Data provided.
====

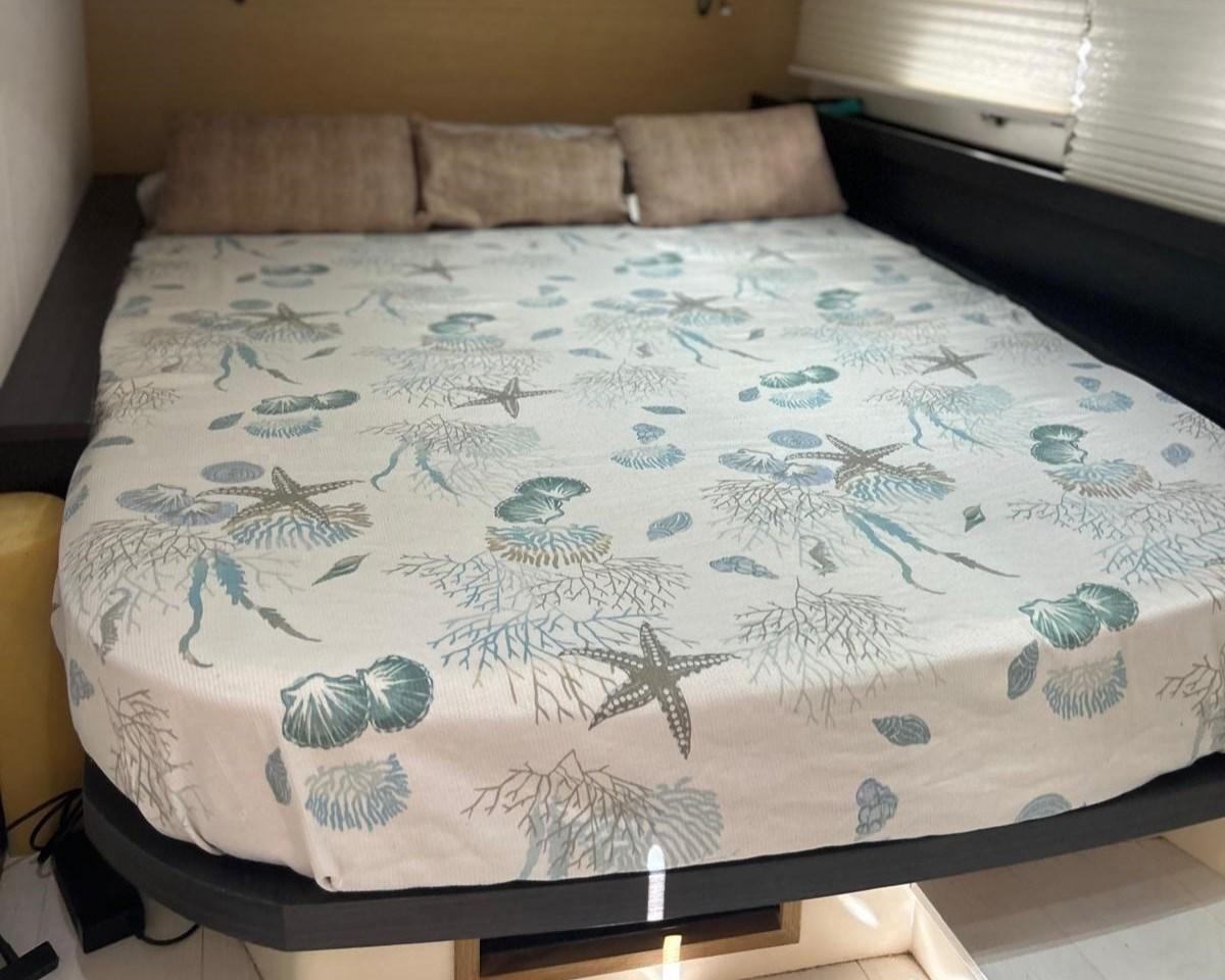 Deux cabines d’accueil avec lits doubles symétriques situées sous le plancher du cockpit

====

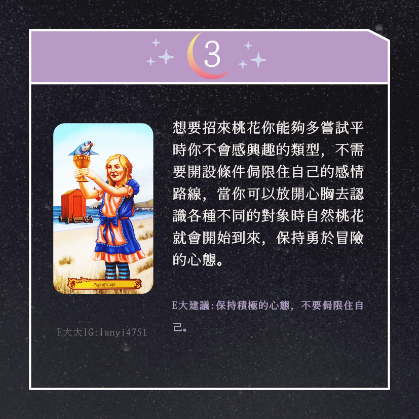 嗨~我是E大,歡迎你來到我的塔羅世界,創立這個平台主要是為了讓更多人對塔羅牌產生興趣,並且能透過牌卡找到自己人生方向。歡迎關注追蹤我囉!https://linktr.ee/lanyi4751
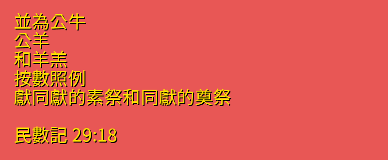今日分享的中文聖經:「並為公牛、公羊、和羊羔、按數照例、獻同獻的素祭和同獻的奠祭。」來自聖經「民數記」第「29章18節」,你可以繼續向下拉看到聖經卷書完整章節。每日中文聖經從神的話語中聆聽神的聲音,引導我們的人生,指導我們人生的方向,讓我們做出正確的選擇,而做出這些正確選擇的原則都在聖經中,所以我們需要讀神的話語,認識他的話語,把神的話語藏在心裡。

====

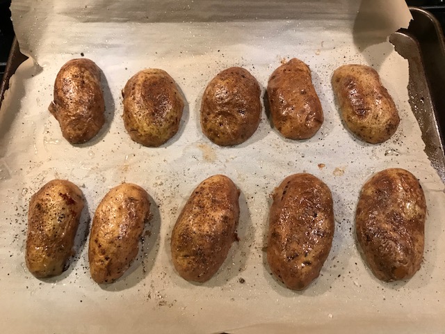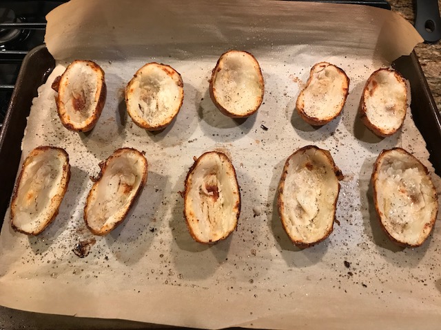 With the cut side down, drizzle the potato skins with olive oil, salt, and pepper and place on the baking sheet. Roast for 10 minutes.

====

Action item. Would you set down only the lines above from the line with "嗨~我是E大,歡迎你來到我的" to the line with "今日分享的中文聖經:「並為公", both included, exactly as they stand and without the pictures?

Solution for this exercise.
 嗨~我是E大,歡迎你來到我的塔羅世界,創立這個平台主要是為了讓更多人對塔羅牌產生興趣,並且能透過牌卡找到自己人生方向。歡迎關注追蹤我囉!https://linktr.ee/lanyi4751
今日分享的中文聖經:「並為公牛、公羊、和羊羔、按數照例、獻同獻的素祭和同獻的奠祭。」來自聖經「民數記」第「29章18節」,你可以繼續向下拉看到聖經卷書完整章節。每日中文聖經從神的話語中聆聽神的聲音,引導我們的人生,指導我們人生的方向,讓我們做出正確的選擇,而做出這些正確選擇的原則都在聖經中,所以我們需要讀神的話語,認識他的話語,把神的話語藏在心裡。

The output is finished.